August 24. 10 km, 20 feet of climbing. Camped at 6,514 feet.
We spent the morning still.
The wind had blown steadily through the night, straight out of the north, not especially cold by the numbers but sharp enough to feel punitive once the sun dropped. Up here, even moderate wind takes on weight. The tents held well, but there was no urgency to move. So we waited. Drank hot drinks. Dozed. Watched spindrift slide low across the icecap and tried not to read too much into the weather.
By late morning the edge came off it. Not calm, exactly, but workable. We decided on a half day.

Delayed starts carry their own friction. Systems that usually flow get compressed. Small decisions stack up. Elaine felt it in the rush to get moving, leaving her harness buried in a fully packed sled. Frustrating, but not catastrophic. Out here, irritation has to be dealt with quickly or it grows heavier than it deserves.

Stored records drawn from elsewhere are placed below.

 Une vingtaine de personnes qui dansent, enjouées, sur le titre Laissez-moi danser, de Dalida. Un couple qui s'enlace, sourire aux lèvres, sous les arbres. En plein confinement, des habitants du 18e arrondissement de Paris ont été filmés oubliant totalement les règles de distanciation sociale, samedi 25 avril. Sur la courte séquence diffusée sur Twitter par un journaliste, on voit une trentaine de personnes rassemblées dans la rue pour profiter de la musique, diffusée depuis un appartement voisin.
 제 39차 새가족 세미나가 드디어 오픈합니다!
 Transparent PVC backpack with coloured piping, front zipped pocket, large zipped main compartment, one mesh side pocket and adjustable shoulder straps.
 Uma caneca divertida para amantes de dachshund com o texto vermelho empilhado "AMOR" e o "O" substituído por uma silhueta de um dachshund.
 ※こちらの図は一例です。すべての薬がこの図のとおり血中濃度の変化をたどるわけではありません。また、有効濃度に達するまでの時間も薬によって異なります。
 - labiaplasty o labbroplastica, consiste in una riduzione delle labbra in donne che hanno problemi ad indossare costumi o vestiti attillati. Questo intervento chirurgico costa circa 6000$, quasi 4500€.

Once we were moving, the skiing itself was uneventful. Ten quiet kilometers. Almost no climbing. A subtle but meaningful directional shift put us on a bearing of 281 degrees, aiming west toward DYE-2, the only human-made landmark we’ll encounter on the entire crossing. It’s a strange thing to navigate toward something you can’t see, can’t feel, and won’t reach for a very long time. Just a point on a map and a concept in your head.

The landscape offered nothing new. No features. No life. Just ice and snow folding into itself in every direction. It’s hard to describe how complete the emptiness is. Not dramatic emptiness, not storm-driven or menacing. Just total absence. Humans are not meant to be here. Without our sleds and the small collection of systems we drag behind us, survival would be measured in hours, not days.

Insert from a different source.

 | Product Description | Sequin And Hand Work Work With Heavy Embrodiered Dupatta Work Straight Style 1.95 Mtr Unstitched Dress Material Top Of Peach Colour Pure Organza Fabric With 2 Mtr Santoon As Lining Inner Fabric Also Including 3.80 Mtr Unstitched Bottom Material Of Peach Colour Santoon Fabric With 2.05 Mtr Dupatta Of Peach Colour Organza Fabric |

That realization sits oddly alongside the act of choosing to be here.

I keep thinking back to our first trip, standing in Tasiilaq, telling a local Greenlander that we planned to cross the icecap. He looked at us, genuinely confused, and said, “Why? There is nothing out there.” To people who live in this landscape, who hunt and fish and work to survive, the icecap has no purpose. It offers nothing. Going up there simply to go feels unnecessary at best, indulgent at worst.
It’s hard not to interrogate that. There’s an uncomfortable privilege embedded in this kind of travel, a sense of doing something difficult largely because we can. I don’t think I’m here just to check a box, but the quiet and repetition leave plenty of room to question the why of it all. Out here, with no distraction, those questions don’t stay abstract for long.

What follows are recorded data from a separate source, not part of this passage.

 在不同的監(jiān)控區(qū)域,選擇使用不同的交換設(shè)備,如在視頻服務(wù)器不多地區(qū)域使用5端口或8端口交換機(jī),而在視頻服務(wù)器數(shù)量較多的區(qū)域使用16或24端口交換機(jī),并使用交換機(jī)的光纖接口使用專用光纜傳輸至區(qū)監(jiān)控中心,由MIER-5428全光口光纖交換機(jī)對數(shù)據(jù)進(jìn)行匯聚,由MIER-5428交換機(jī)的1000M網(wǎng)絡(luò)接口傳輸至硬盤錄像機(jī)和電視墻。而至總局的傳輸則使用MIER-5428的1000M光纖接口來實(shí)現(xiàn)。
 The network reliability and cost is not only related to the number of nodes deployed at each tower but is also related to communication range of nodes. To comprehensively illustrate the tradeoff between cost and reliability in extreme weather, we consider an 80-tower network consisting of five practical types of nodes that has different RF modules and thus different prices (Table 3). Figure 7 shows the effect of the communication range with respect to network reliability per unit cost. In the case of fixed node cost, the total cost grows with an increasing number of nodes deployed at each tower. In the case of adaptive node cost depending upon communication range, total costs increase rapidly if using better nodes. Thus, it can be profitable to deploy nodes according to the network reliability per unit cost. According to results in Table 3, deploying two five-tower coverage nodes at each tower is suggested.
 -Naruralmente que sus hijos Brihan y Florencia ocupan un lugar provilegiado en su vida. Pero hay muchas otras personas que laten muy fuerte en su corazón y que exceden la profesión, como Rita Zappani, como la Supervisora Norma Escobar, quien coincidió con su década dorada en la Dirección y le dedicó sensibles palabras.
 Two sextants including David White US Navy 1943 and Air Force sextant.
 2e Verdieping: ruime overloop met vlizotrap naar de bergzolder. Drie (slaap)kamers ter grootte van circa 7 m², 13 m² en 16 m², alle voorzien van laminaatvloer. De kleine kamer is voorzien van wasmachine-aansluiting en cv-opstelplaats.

In some ways the day reflected that mood. Sparse. In-between. More waiting than moving. The wind made navigation easier once we were skiing, steady and honest, but it also reinforced how small our progress really was. We are well into the crossing now, far from the beginning and further from the end, with a long, invisible distance still ahead.

By evening we were camped again, tents settled into the snow, routines resumed. The wind lingered but behaved. There was no drama, no reward, no sense of accomplishment beyond the quiet fact that we moved when it made sense to move, and stayed put when it didn’t.
Some days are about momentum. Some days are about restraint. And some days, like today, are about sitting in the middle of the map and accepting how empty it really is.